Department of Neurosurgery, National Cancer Center/National Clinical Research Center for Cancer/Cancer Hospital, Chinese Academy of Medical Sciences and Peking Union Medical College, Beijing, China.
State Key Laboratory of Molecular Oncology, Center for Cancer Precision Medicine, National Cancer Center/National Clinical Research Center for Cancer/Cancer Hospital, Chinese Academy of Medical Sciences and Peking Union Medical College, Beijing, China.
J Biomed Sci. 2021 Feb 9;28(1):13. doi: 10.1186/s12929-020-00705-3.
Although the availability of therapeutic options including temozolomide, radiotherapy and some target agents following neurosurgery, the prognosis of glioma patients remains poor. Thus, there is an urgent need to explore possible targets for clinical treatment of this disease.

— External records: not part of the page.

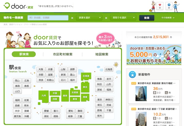 リブセンス(東京都品川区)6月24日、賃貸情報サイト「door賃貸」を全面リニューアル。検索物件の表示スピードを向上したほか、一発検索や検討物件の比較機能を充実させた。また、ユーザー満足度の向上をはかるため、「入居祝い金」を従来の1000円から5000円に変更した。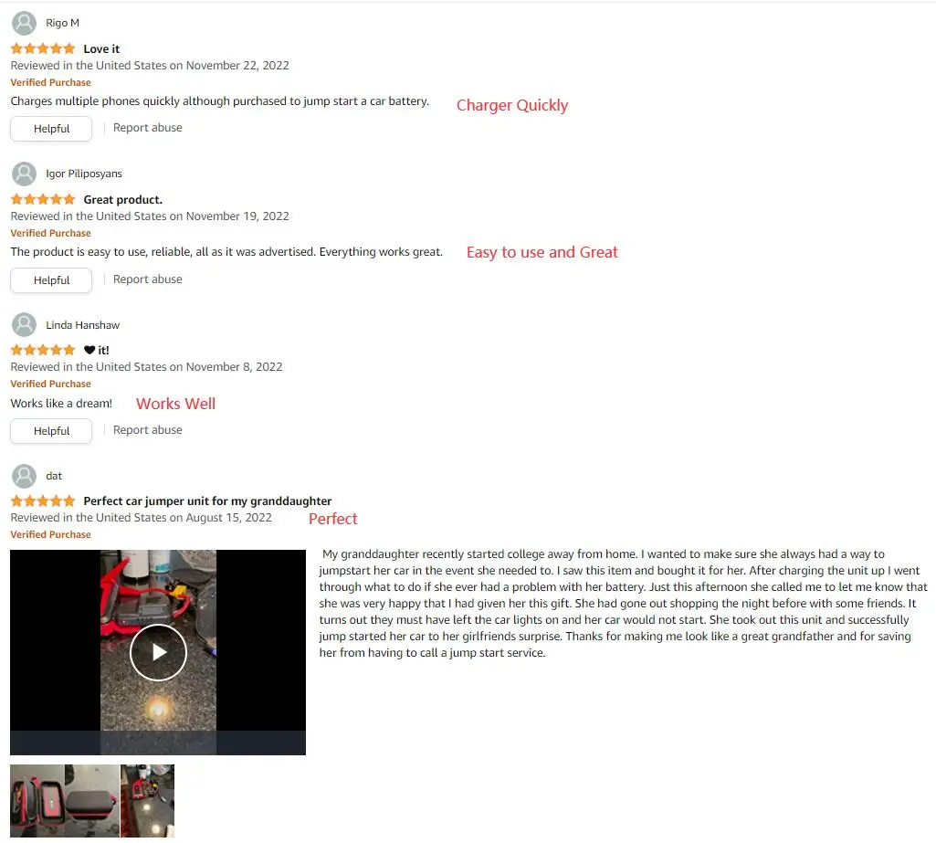 The large screen displays data compared to traditional car jump boxes or car jumper cables kit, it's very user-friendly.TP20PRO jumper pack equip super bright LED light which support 4 modes(Solid, SOS, Alert, Red warning). It is useful in many situations, such as checking for engine failure at night, outdoor adventures / accidents, calling for help, warning of other vehicles, etc.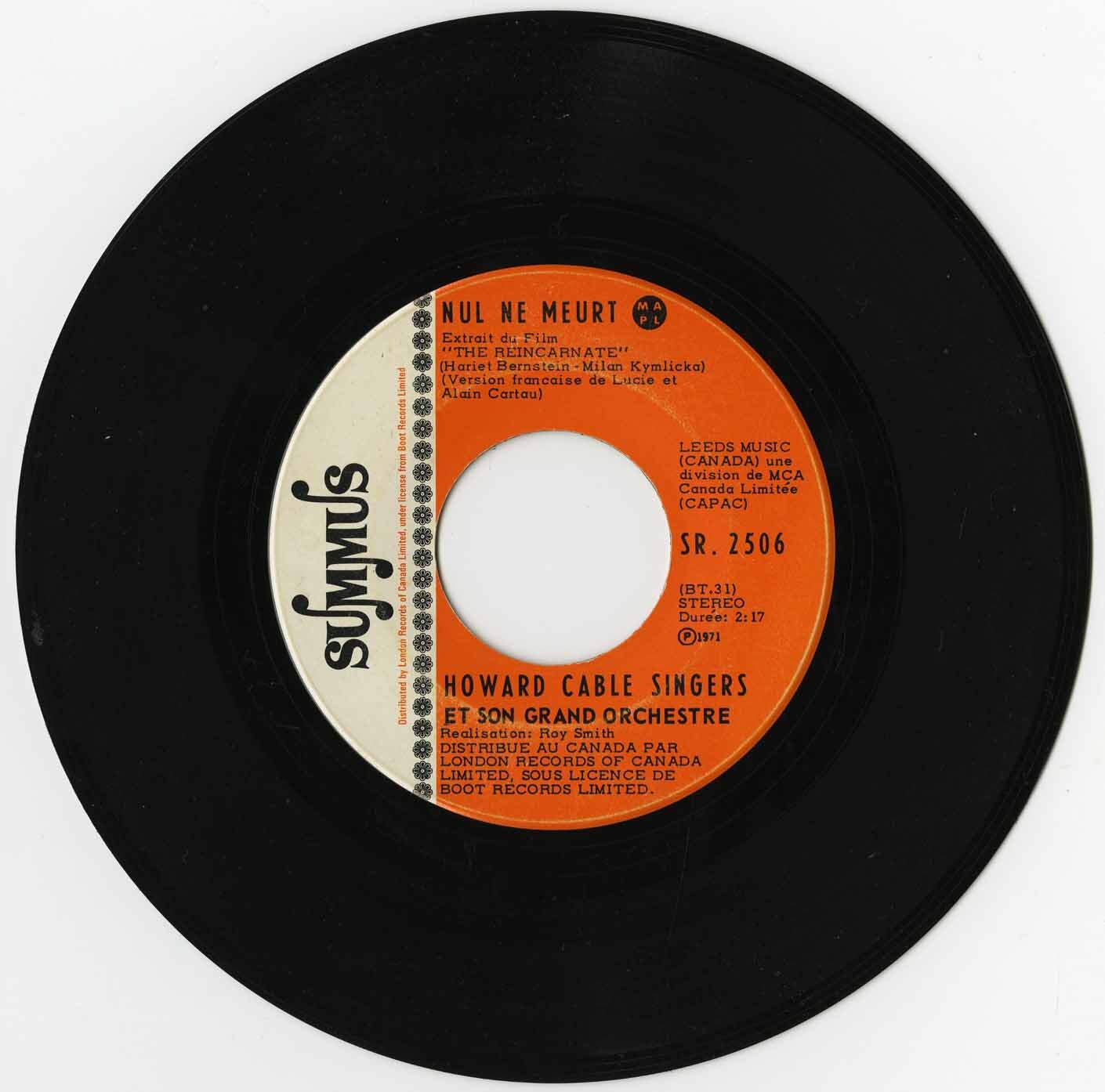 Cable, Howard Orchestra - Theme du Film "The Reincarnate" b/w Nul ne meurt

Tissue microarrays and immunohistochemistry were used to detect FKBP10, Hsp47, p-AKT (Ser473), p-CREB (Ser133) and PCNA expression in glioma tissues and xenografts. CCK-8 tests, colony formation assays and xenograft model were performed to test proliferation ability of FKBP10 in glioma cells in vitro and in vivo. Quantitative reverse transcriptase-PCR, western-blotting, GST-pull down, co-immunoprecipitation and confocal-immunofluorescence staining assay were used to explore the molecular mechanism underlying the functions of overexpressed FKBP10 in glioma cells.
FKBP10 was highly expressed in glioma tissues and its expression was positively correlates with grade, poor prognosis. FKBP10-knockdown suppressed glioma cell proliferation in vitro and subcutaneous/orthotopic xenograft tumor growth in vivo. Silencing of FKBP10 reduced p-AKT (Ser473), p-CREB (Ser133), PCNA mRNA and PCNA protein expression in glioma cells. FKBP10 interacting with Hsp47 enhanced the proliferation ability of glioma cells via AKT-CREB-PCNA cascade. In addition, correlation between these molecules were also found in xenograft tumor and glioma tissues.
We showed for the first time that FKBP10 is overexpressed in glioma and involved in proliferation of glioma cells by interacting with Hsp47 and activating AKT-CREB-PCNA signaling pathways. Our findings suggest that inhibition of FKBP10 related signaling might offer a potential therapeutic option for glioma patients.
尽管神经外科治疗后有替莫唑胺、放疗和一些靶向药物等治疗选择,胶质瘤患者的预后仍然较差。因此,迫切需要探索这种疾病的临床治疗的可能靶点。
使用组织微阵列和免疫组织化学检测胶质瘤组织和异种移植物中 FKBP10、Hsp47、p-AKT(Ser473)、p-CREB(Ser133)和 PCNA 的表达。CCK-8 试验、集落形成试验和异种移植模型用于检测 FKBP10 在体外和体内对胶质瘤细胞增殖能力的影响。定量逆转录酶-PCR、western-blotting、GST 下拉、免疫共沉淀和共聚焦免疫荧光染色实验用于探索过表达 FKBP10 在胶质瘤细胞中功能的分子机制。
FKBP10 在胶质瘤组织中高表达,其表达与分级、预后不良呈正相关。FKBP10 敲低抑制了体外胶质瘤细胞的增殖和皮下/原位异种移植肿瘤的生长。沉默 FKBP10 降低了胶质瘤细胞中 p-AKT(Ser473)、p-CREB(Ser133)、PCNA mRNA 和 PCNA 蛋白的表达。FKBP10 与 Hsp47 相互作用通过 AKT-CREB-PCNA 级联增强了胶质瘤细胞的增殖能力。此外,在异种移植肿瘤和胶质瘤组织中也发现了这些分子之间的相关性。
我们首次表明,FKBP10 在胶质瘤中过表达,并通过与 Hsp47 相互作用和激活 AKT-CREB-PCNA 信号通路参与胶质瘤细胞的增殖。我们的研究结果表明,抑制 FKBP10 相关信号可能为胶质瘤患者提供一种潜在的治疗选择。